Sorting a mixed list in order to find the median

https://app.dataquest.io/c/56/m/306/the-weighted-mean-and-the-median/4/the-median-for-open-ended-distributions

In this screen we are asked to find the median of a list that contains both int and str values which are not in any particular order. The Hint suggests that we should sort the values in the list before determining the median but does not suggest a good strategy for doing so. Using sorted()on the list will return a TypeError when it tries to compare str < int.

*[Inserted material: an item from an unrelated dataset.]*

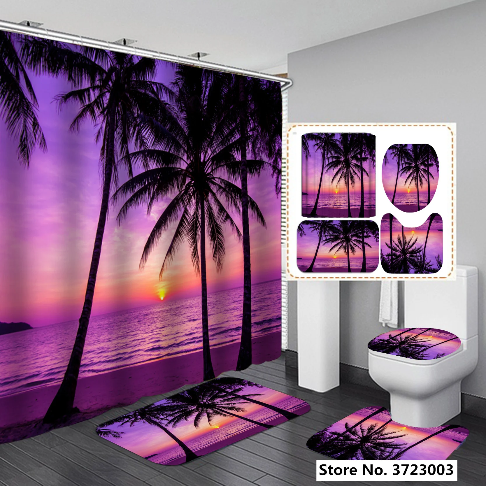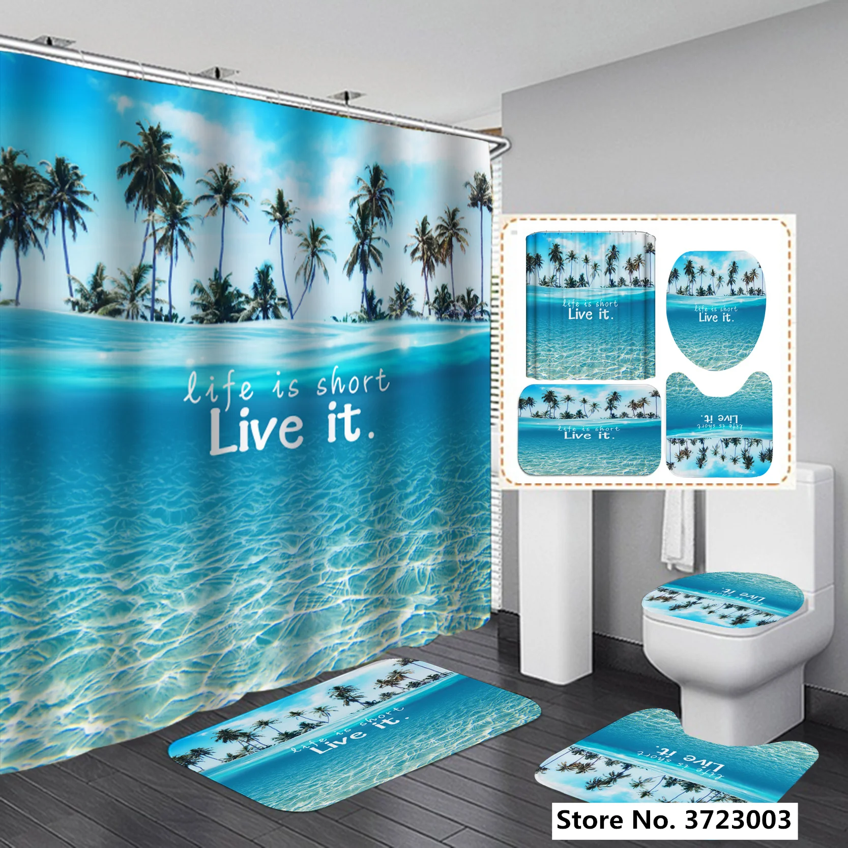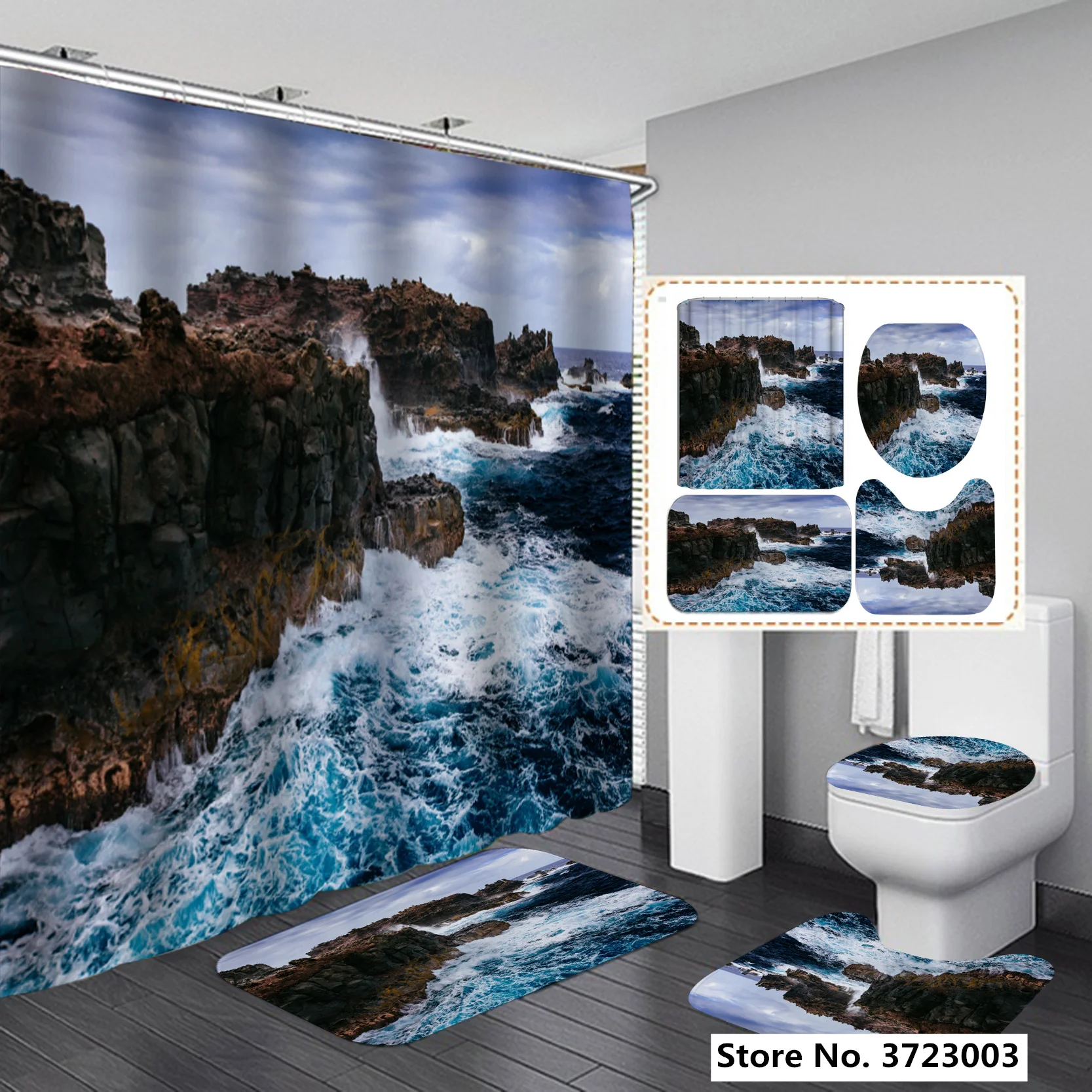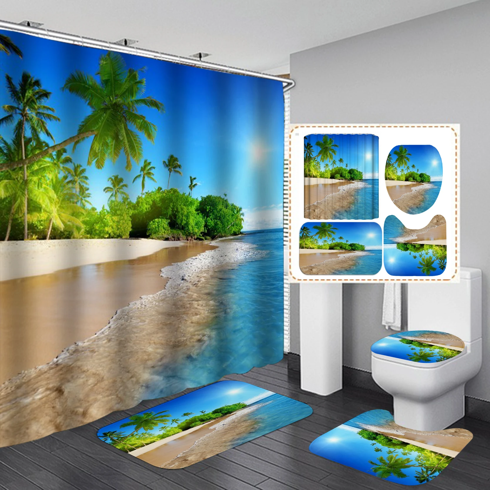 Тканевая занавеска для душа, цветная 3d-занавеска с принтом морских раковин, морских звезд, лодок, набор ковриков для туалета

Here is some code I came up with instead of manually sorting it by hand:

distribution1 = [23, 24, 22, '20 years or lower,', 23, 42, 35]
distribution2 = [55, 38, 123, 40, 71]
distribution3 = [45, 22, 7, '5 books or lower', 32, 65, '100 books or more']

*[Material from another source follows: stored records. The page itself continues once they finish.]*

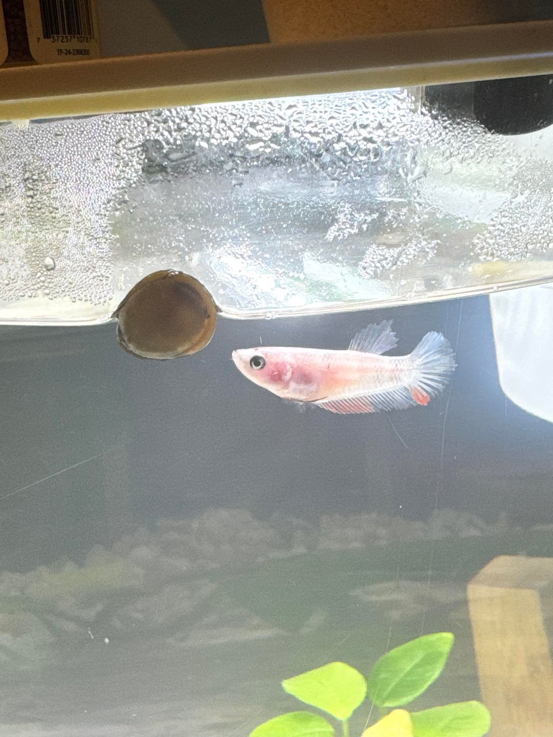 After Ferris passed, I didn't think I would get another but I missed having a fish. I went to the store and noticed all these numbers on the cups. I asked the lady in the store and she said those were dates. I was horrified that one had been in a cup for 6 months! Of course I picked her! This was Thelma on the day we brought her home on November 30. And the second pic was yesterday, January 7th! Isn't she beautiful! Such a happy girl now and shares her tank with a snail named Louise.
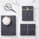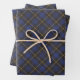 Vintages Bauernhaus Land rustikale Ferien Muster Geschenkpapier Blätter. Dunkelblau, schwarz und goldfarben, traditionelles kariertes Muster, bestehend aus diagonal gekrönten Bändern. Ideal für Weihnachten und die Winterferien.
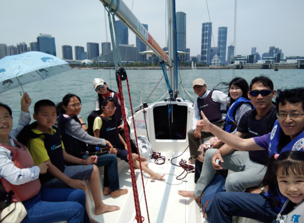 随后辗转厦门香山游艇码头,准备扬帆出海,进行帆船体验。云帆飞扬,海风扑面而来,吹拂着每个人的脸颊,“乘风破浪会有时,直挂云帆济沧海”,十分畅快和惬意。一个多小时的航行时间,途经闽南最高妈祖像、厦门本地特色建筑土屿,与厦金海域边界擦肩而过,远眺大金门、小金门,以及台湾海蛎田。天公作美,出海游玩赶上风和日丽,令人赏心悦目,老师们一边饱览海景,一边聊天拍照,其乐融融,完全忘记了疲倦。
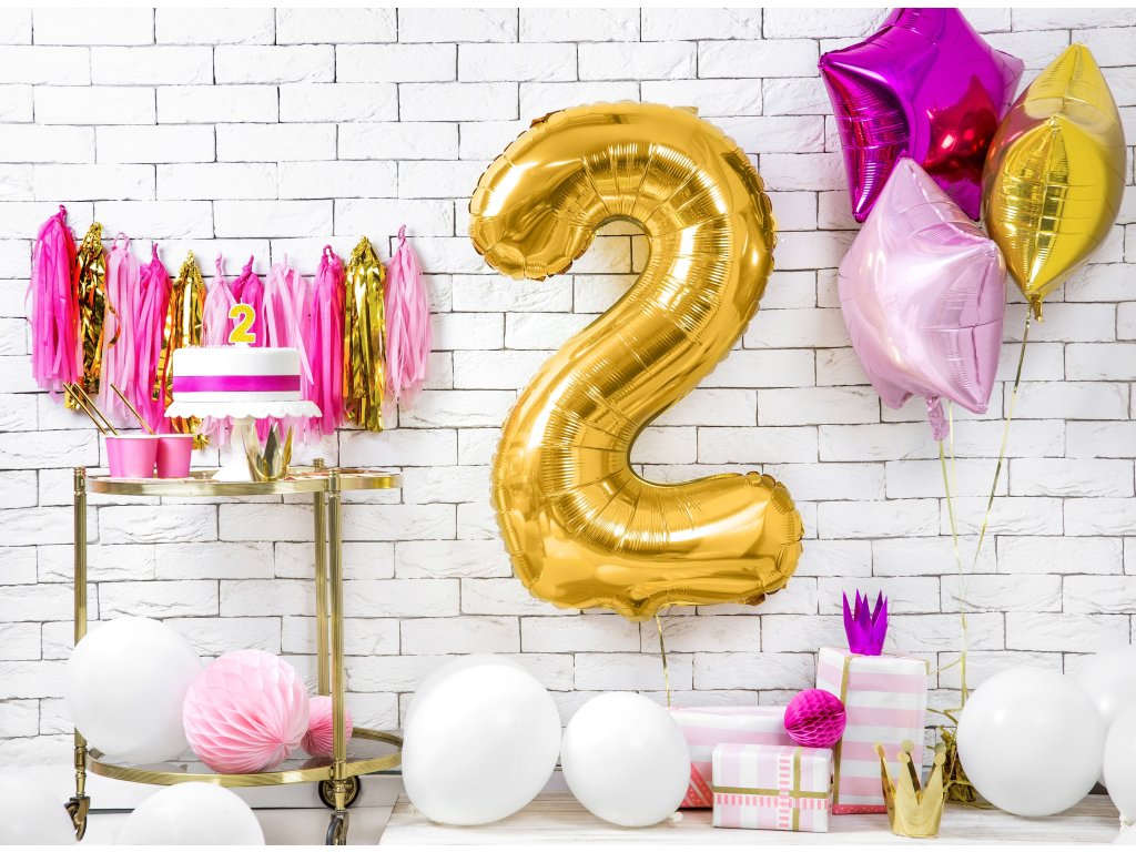 Balon z metalizowanej folii numer ''2'', złoty, rozmiar przed napompowaniem ok. 100 cm (39''), rozmiar po napompowaniu ok. 86 cm (34''). Napompuj helem lub powietrzem.
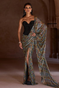 Solid Black Crystal-embellished corset paired with a silver floral print draped skirt and detachable pallu.
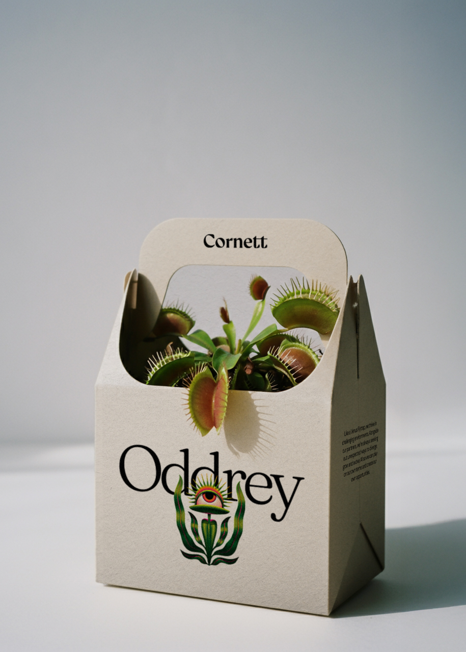 The visual identity is anchored by Oddrey, a colorful, one-eyed carnivorous brand mark that embodies Cornett’s approach. “Oddrey represents our values in motion,” said Hiler. “She’s watchful, she’s strategic, and when it’s time, she’s deadly effective.”
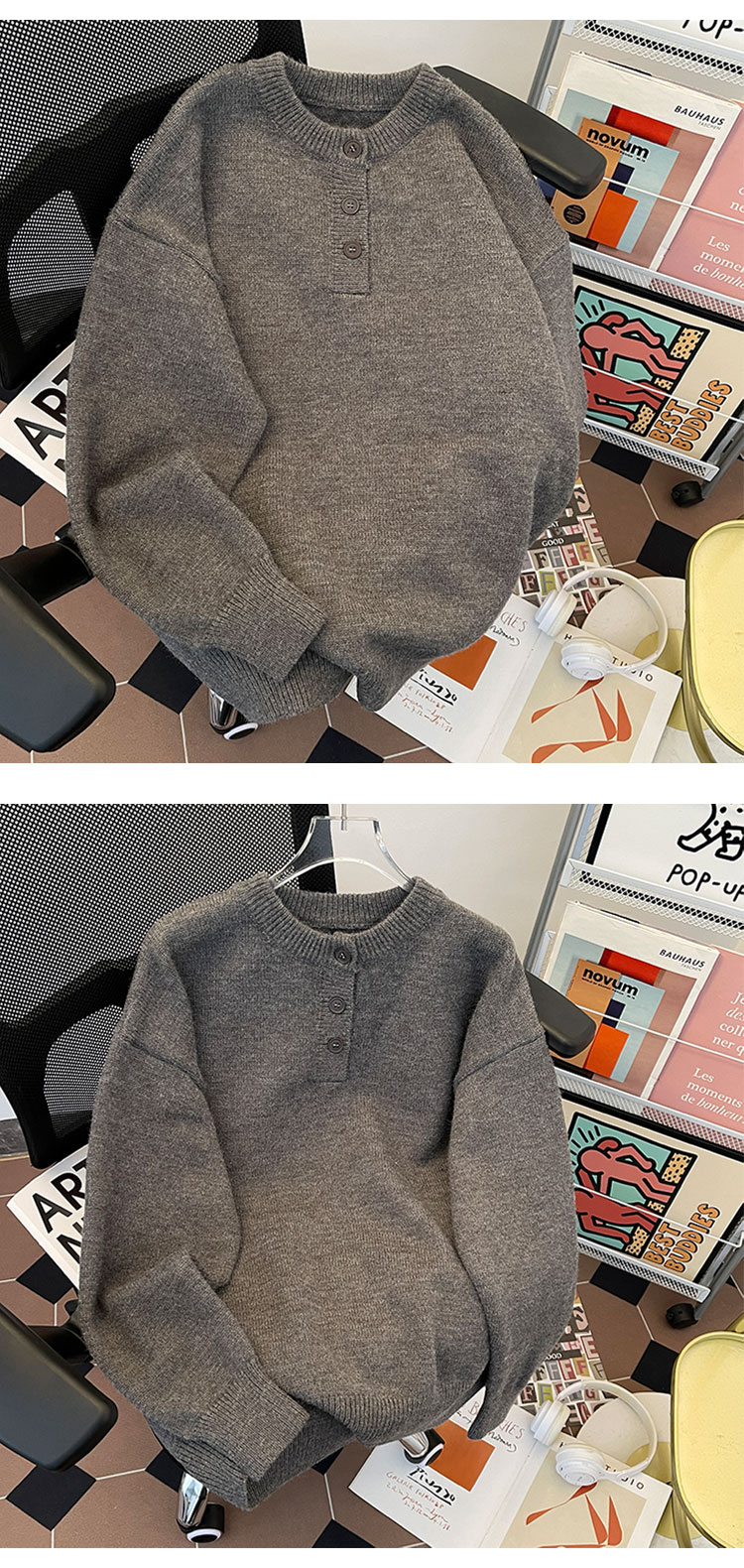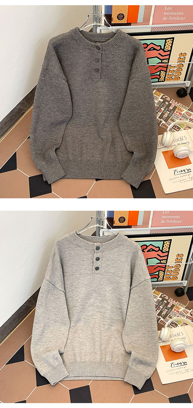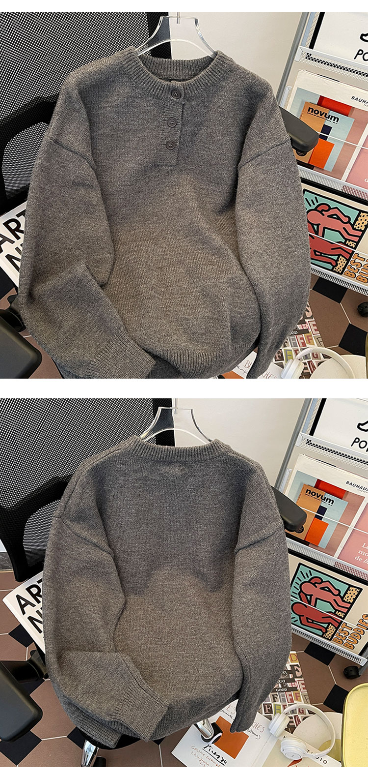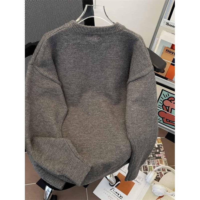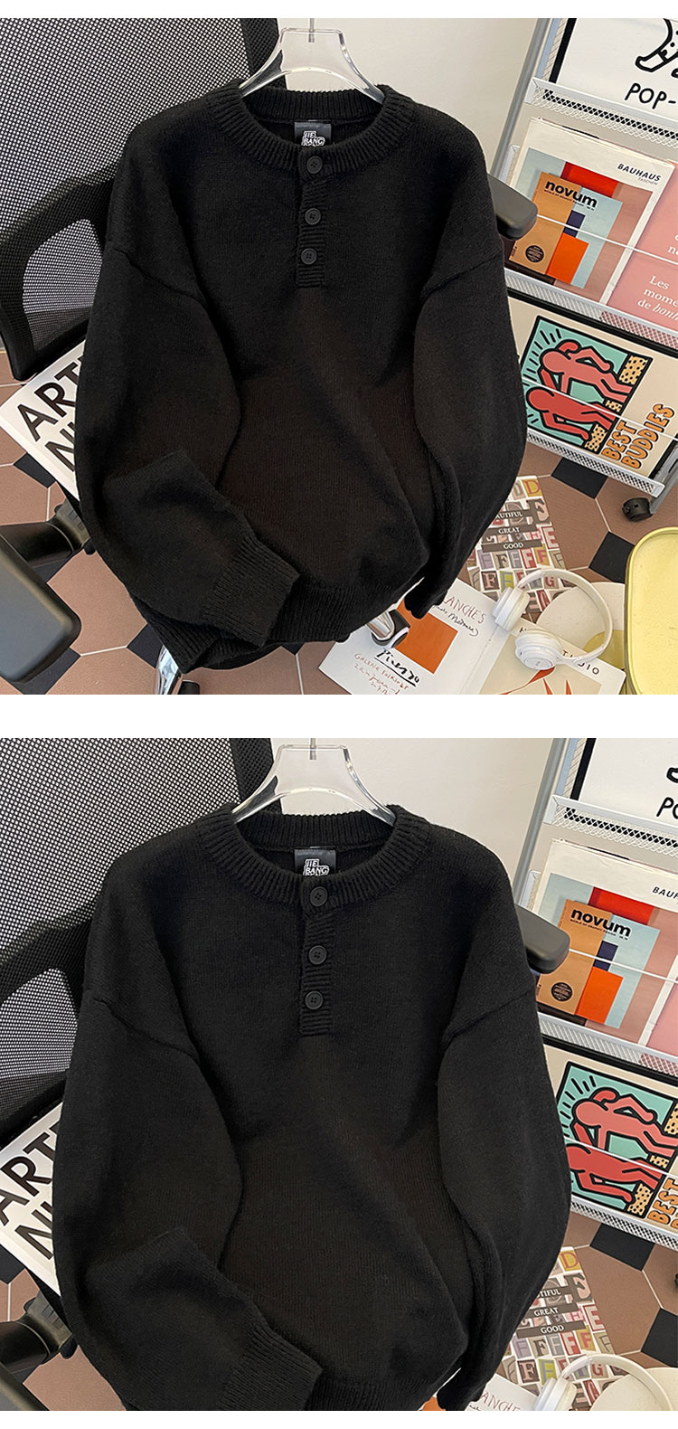 秋冬紐釦套頭毛衣男圓領休閒潮牌學生百搭韓版潮流保暖加厚針織衫

lower_idx = distribution1.index('20 years or lower,')
dist1_start = distribution1.pop(lower_idx)
distribution1 = sorted(distribution1)
distribution1.insert(0, dist1_start)

distribution2 = sorted(distribution2)

lower_idx = distribution3.index('5 books or lower')
distr3_start = distribution3.pop(lower_idx)
upper_idx = distribution3.index('100 books or more')
distr3_end = distribution3.pop(upper_idx)
distribution3 = sorted(distribution3)
distribution3.insert(0, distr3_start)
distribution3.insert(len(distribution3), distr3_end)

print(distribution1)
print(distribution2)
print(distribution3)

While I don’t believe this to be the most elegant solution, I did really enjoy using list.pop() to remove the “unwanted” str values while also storing it to a variable so that it could be easily reinserted back into the list once it was sorted.

2 Likes

cool, I’ve played around with automating the whole process:

import re
distribution3 = [45, 22, 7, '5 books or lower', 32, 65, '100 books or more']

# 1. Extract all strings from original list, add them to a string list:
string_list = []
for i in range(len(distribution3)-1): 
    if isinstance(distribution3[i], str):
        string_list.append(distribution3.pop(i))

# 2. Extract integers from string list and add them to numbers list:
num_list = [] 
for num in string_list:
    num_list.append(int(re.findall(r'\d+', num)[0]))

# 3. Add the integers back to the original list 
#    and sort that list:
distribution3 = sorted(distribution3 + num_list)

# 4. If in our original list we'll find an integer from numbers list,
#    then we'll replace it with the string, from our strings list:
for idx,ele in enumerate(distribution3):
    for index, item in enumerate(num_list):
        if item == ele:
            distribution3[idx] = string_list[index]
distribution3    

OUT:

['5 books or lower', 7, 22, 32, 45, 65, '100 books or more']

a few lines up there, thought about making it shorter , but readability drops:

# 1:
string_list = [distribution3.pop(i) for i in range(len(distribution3)-1) if isinstance(distribution3[i], str)]
# 2:
num_list = [int(re.findall(r'\d+', num)[0]) for num in string_list]

When I saw that, I didn’t even bother to do list comprehensions on step 4.

2 Likes

Very nice use of regex here to make it more general! Agreed that readability drops but I still like the first list comprehension you did in #1.

This can be done with a dictionary and sorting.

def mix_sorted(iter_o):
    iter_o = {i:(i if isinstance(i, int) else int(re.match(r'\d+', i).group())) for i in iter_o}
    return sorted(iter_o, key=lambda x: iter_o[x])

Or if you get away from regular expression and go back to your situation

def mix_sorted(iter_o):
    iter_o = {i:(i if isinstance(i, int) else int(i.split(" ")[0]) for i in iter_o}
    return sorted(iter_o, key=lambda x: iter_o[x])
3 Likes

Now that’s clever, thanks for sharing @moriturus7! I obviously need to practice using dictionaries more…they are amazing little data structures.